Том 6. Флаги на башнях - Антон Макаренко
Шрифт:
Интервал:
Закладка:
— Алексей Степанович, можно?
— Заходи.
Руслан был в ночной рубашке и сразу замахнулся кулаком. Кажется, он хотел что-то сказать при этом движении, но ничего не сказал, кулак прошелся по воздуху. Он снова взмахнул, и опять ничего не вышло. Тогда он обратил прыщеватое суровое лицо к дивану:
— Пусть Володька смоется.
— Ничего… Володька свой человек.
И теперь поднятый кулак уже не напрасно прошелся сверху вниз:
— Вы понимаете, Алексей Степанович? Это… липа!
Володька громко захохотал на диване. Захаров откинулся назад, тоже смеялся, глядя на удивленного Руслана, потом протянул ему руку:
— Руку, товарищ!
Руслан схватил захаровскую руку шершавыми лапищами и широко оскалил зубы. Захаров поднял палец другой руки:
— Только, Руслан, молчок!
— Понимаю: молчать!
— Секрет!
— Секрет!
— Никому!
— А… Володька? Он… такой народ…
— Володька? Ты его еще не знаешь. Володька — это могила!
Могила на диване задрала от восторга ноги. Руслан еще раз взмахнул кулаком и сказал:
— Спокойной ночи, Алексей Степанович! Липа, понимаете, липа!
11. Разгром
Приняв дежурство по колонии в десять часов вечера, бригадир первой Воленко сменил часовых в лагере и в вестибюле, проверил сторожей на производственном дворе и у кладовых, прошел по палаткам для порядка и еще раз заглянул в главное здание, чтобы просмотреть меню на завтрашний день.

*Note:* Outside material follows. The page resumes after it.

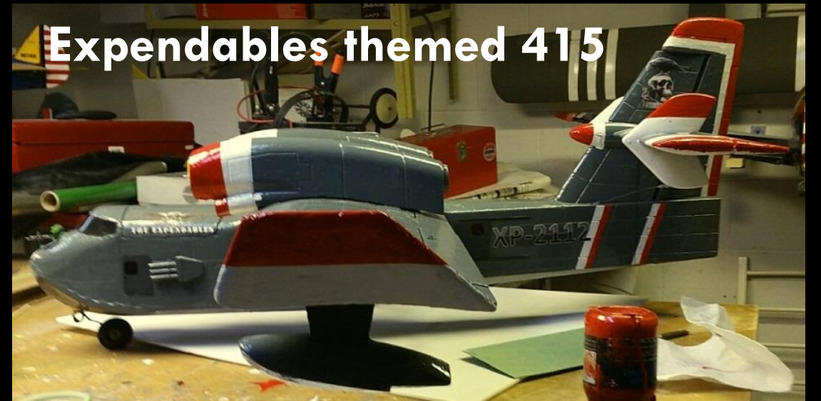
Expendables themed 415

В вестибюле он мельком взглянул на стенные круглые часы и удивился. Они показывали пять минут одиннадцатого.
— В чем дело? — спросил он дневального.
— Остановились. Уже приходил Петров 2-й и лазил туда, сказал — завтра утром исправит.
— А почему не сегодня?
— Он взял запаять что-то…
— А как же завтра с подъемом?
— Не знаю.
Воленко задумался, потом отправился в палатку к Захарову:
— Алексей Степанович, у нас беда — часы испортились.
— Возьми мои.
Захаров протянул карманные часы.
— Ой, серебряные!
— Подумаешь, драгоценность какая — серебро!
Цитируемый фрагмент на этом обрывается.